Composers, composers, composers! ...and a jazz festival

Classical weekend

This weekend, you can take your pick of classical music concerts: choral, chamber, or orchestral (or all three, if you have the stamina). On the 7th and 8th, Portland Lesbian Choir celebrates the ratification of the 19th Amendment (guaranteeing women’s right to vote) with their “Born to Celebrate” concert at Central Lutheran Church in Northeast Portland. The most exciting thing about this concert: a premiere of a new 19th Amendment-themed work commissioned by PLC from Portland composer Joan Szymko, whose music has been a highlight of recent Resonance Ensemble and Oregon Repertory Singers concerts.

Also on the 7th and 8th, at local theater company Bag & Baggage’s cozy Hillsboro venue The Vault, Northwest Piano Trio performs Shostakovich’s second piano trio as the live score for playwright Emily Gregory’s intimate end-of-life play The Undertaking. In this unique collaboration with B&B and director Jessica Wallenfels’ Many Hats Productions, the trio will be onstage with the actors. On the 8th at Portland State University, PSU violin-piano duo Tomas Cotik and Chuck Dillard will perform Mozart, Schubert, and Piazzolla–three of the four composers Cotik specializes in (the other, of course, is Bach). And if you already have tickets to Portland Opera’s An American Quartet, don’t forget that it opens this weekend–and if you don’t have tickets yet, you’d better hurry!

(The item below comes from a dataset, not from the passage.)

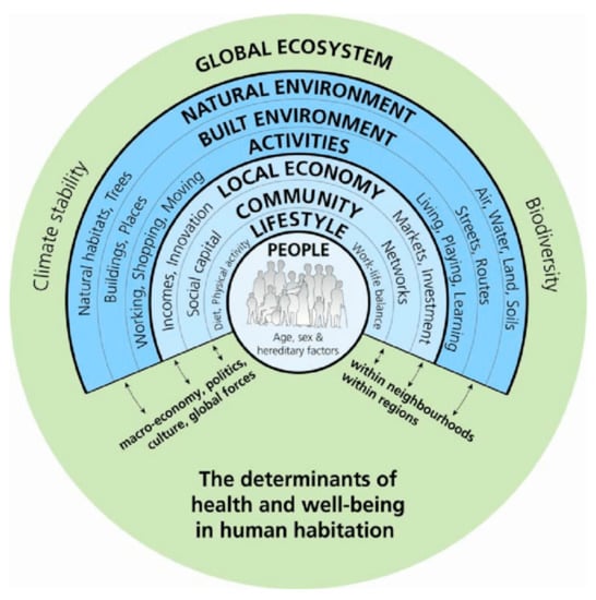 - Hancock, T. Health, Human Development and the Community Ecosystem: Three Ecological Models. Health Promot. Int. 1993, 8, 41–47. [Google Scholar] [CrossRef]
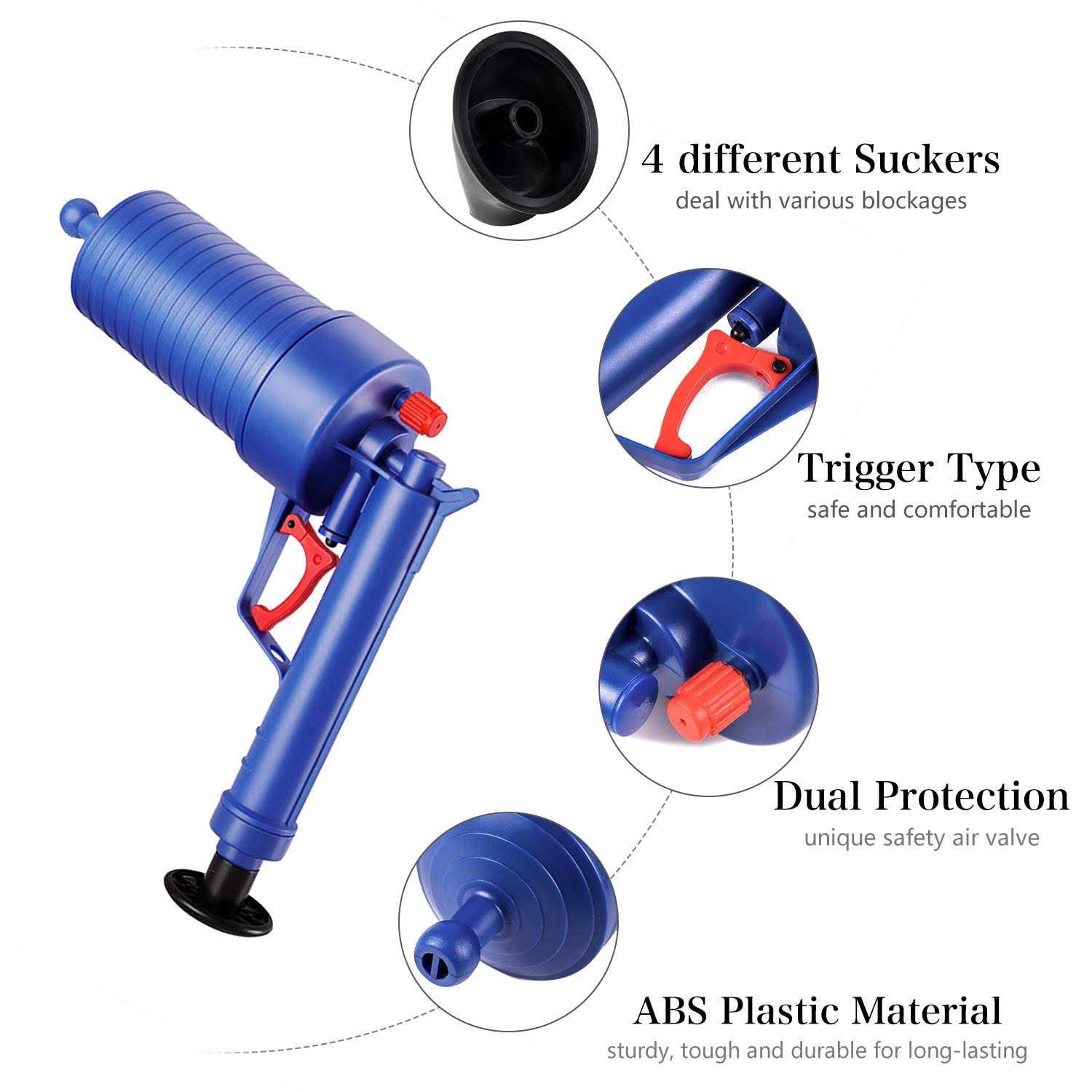 Eterna Air Drain Blaster, Sink Plunger, Air Power Toilet Plunger, Manual Pump Cleaner,Pipe Blaster, High Pressure Plunger for Bath/Toilet/Sink/Floor

Also this weekend, the Oregon Symphony relegates two more living composers to the Fanfare Zone. Their “Pictures at an Exhibition” program (concerts Friday in Salem and Saturday-Monday in Portland) manages to make room for twelve minutes of Missy Mazzoli and thirteen minutes of Gabriella Smith between the half-hour blocks of decomposers Mussorgsky and Paganini. I get that we’re supposed to be grateful to OSO for playing anything at all by living composers and women composers, and we really are grateful that they commissioned a new work from Smith: living composers need to eat! But we’ll never tire of complaining about the Fanfare Zone, and we won’t stop until the ratios are reversed and decomposers have to compete for their token opening spot on concerts dominated by Zwilich concerti and Tower tone poems.